Depuis plus de quinze ans, la chaîne nationale Polsat retransmet la plupart des matchs de championnat, alors qu'en France la Ligue A n'a pas de diffuseur. Les joueurs sont donc très populaires.
« J'ai un coéquipier polonais qui s'est marié et les paparazzis ont débarqué chez lui ! », raconte Antoine Brizard, passeur des Bleus évoluant à Varsovie.
Cette réalité est loin d'être celle des Tricolores dans l'Hexagone : « On joue quasiment tous à l'étranger car on sait qu'on ne peut pas avoir ça au quotidien en France », regrette-t-il.
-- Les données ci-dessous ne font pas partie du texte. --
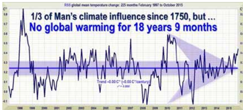
Roy Spencer, Remote Sensing Systems, Global Temperature Anomaly Troposphere/Stratosphere (TTS) data No global warming for 18 years and 9 months. If we look at the total emissions of CO 2 produced by man since 1750, we find that one third of these emissions occurred in only the last 18 years and 9 months. However, the most reliable satellite measurements of temperature in the upper tropical troposphere—where global warming theory predicts a “hotspot” due to warming sea surface temperatures and increased tropical convection—show no indication of global warming over this period. There is no evidence to support the claims that anthropogenic CO 2 emissions are causing a sudden, dangerous change in the Earth’s climate.
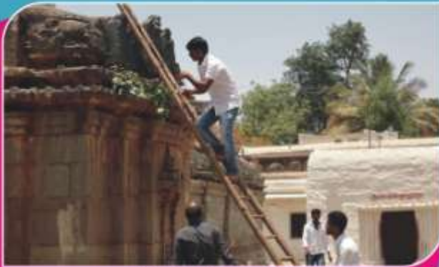
Cleaning of Renowned Trikuteshwar Temple
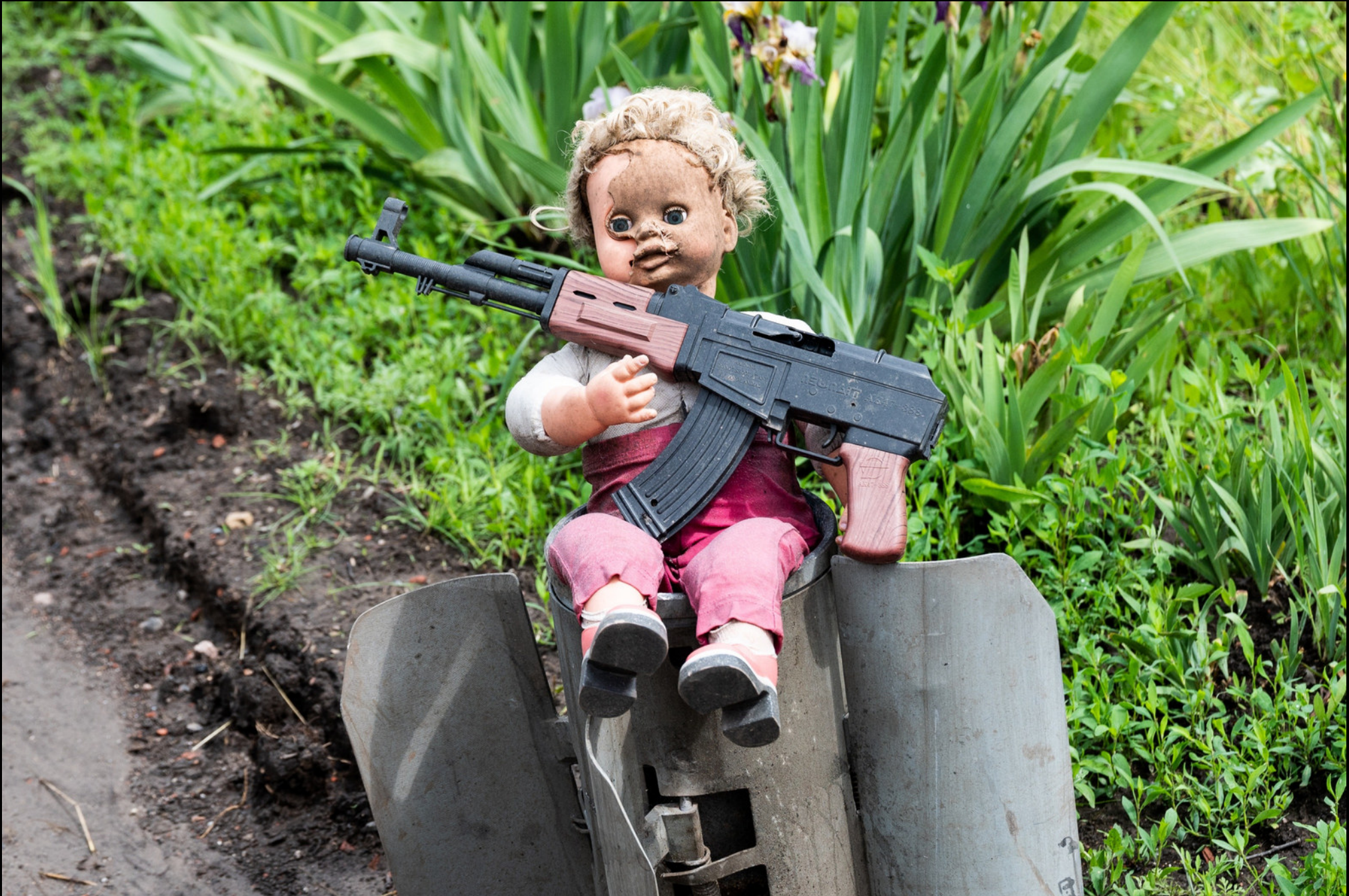
Donetsk Oblast - A doll with a toy military rifle sitting on the tail section of a (real) rocket.

Tableau des médailles de la Pologne aux Championnats du Monde Masculins :
| Année | Lieu | Position |
|---|---|---|
| 1974 | Mexique | Vainqueur |
| 2014 | Pologne | Vainqueur |
| 2018 | Bulgarie et Italie | Vainqueur |
Stéphane Antiga : Un entraîneur adulé
Jeune retraité, Stéphane Antiga, l'un des meilleurs volleyeurs français de l'histoire, s'est lancé un nouveau défi : mener sur le toit du monde la Pologne qu'il guidera lors du Mondial-2014, qui débute samedi à Varsovie.
L'ancien réceptionneur-attaquant des Bleus (306 sélections) a pris les rênes de la sélection polonaise au printemps après avoir terminé sa carrière en beauté en gagnant un cinquième titre de champion de Pologne, avec son dernier club, Belchatow.
« Là-bas, c'est une méga-star. Les gens l'adorent », souligne le pointu de l'équipe de France Antonin Rouzier, qui a évolué lui aussi en Pologne et a côtoyé Antiga en équipe nationale.
« C'est un très grand joueur, vraiment respecté là-bas où il a gagné beaucoup de titres », renchérit Nicolas Maréchal, qui évolue à Jastrzebie, dans la Voïvodie de Silésie.
Dans le monde du volley-ball, la nomination d'Antiga à ce poste a plus ou moins étonné. Le réceptionneur de l'équipe de France Earvin Ngapeth, dont les rapports avec Antiga étaient conflictuels lors du Mondial-2010, a été l'un des premiers surpris : « Que l'on fasse appel à Philippe, je comprends, mais Stéphane n'a aucune expérience d'entraîneur.
En Pologne, pays où le volley est roi, l'ancien joueur du PUC a la lourde tâche de faire retrouver les sommets à une équipe qui a cumulé les échecs lors des précédentes compétitions.